Uruguay - Tax residence for investments - Tax holidays for 6 years

Uruguay – Tax residence options

Tax residence in Uruguay is regulated by the regulations regarding the Personal Income Tax (IRPF), Title 7 of the Ordered Text of 1996 and Decree 148/007. Unless the taxpayer proves his tax residence in another country by means of a tax residence certificate issued by the competent tax authority of that State, he will become a tax resident in Uruguay if he meets one of the following conditions:

  1. That you stay in Uruguay for more than 183 days in a calendar year. To determine said period of permanence, all the days in which an effective physical presence is registered in Uruguay will be considered, regardless of the time of entry and exit (not counting those days when the person is a passenger in transit), and absences sporadic that according to Decree 148/007 will be those that do not exceed 30 calendar days, or
  2. When the main nucleus or base of its activities or of its economic or vital interests reside in national territory. Regarding this cause, it is necessary to make some clarifications;

a) A person will be considered to have his or her vital interests in national territory, when the spouse and minor children who depend on him or her reside habitually in Uruguay, provided that the spouse is not legally separated and the children are subject to homeland. power. Establishing that in the event that there are no children, the presence of the spouse will suffice.

b) It will be understood that a person has in the national territory the main nucleus or the base of his activities, when he generates income in the country of greater volume than in any other country, not establishing the existence of the base of his activities when they are obtained exclusively pure capital rentras, even when all of their assets are located in Uruguay.

c) On the other hand, regarding the causal of economic interests, the regulation establishes that a person will be considered to be the basis of his economic interests in Uruguay, when he has in Uruguayan territory, an investment:

i) In real estate with a value greater than 15,000,000 indexed units, approximately USD 1,800,000 (US $ 1,800,000). Considering for these purposes the updated tax cost of each property.

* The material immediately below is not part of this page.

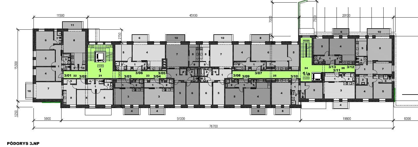 3-izbový byt na 3. poschodí ktorý pozostáva zo vstupnej chodby, kuchyne, troch izieb, kúpeľne, WC a balkóna.

ii) Direct or indirect, in a company with a value greater than 45,000,000 indexed units, approximately USD 5,400,000 (five million four hundred thousand US dollars), which includes activities or projects that have been declared of national interest, in accordance with the provisions of Law No. 16.906 of January 7, 1998 and its regulations. To determine the amount of the investment made, the valuation rules of the Income Tax of Economic Activities will be considered.

Practical considerations for the option of real estate.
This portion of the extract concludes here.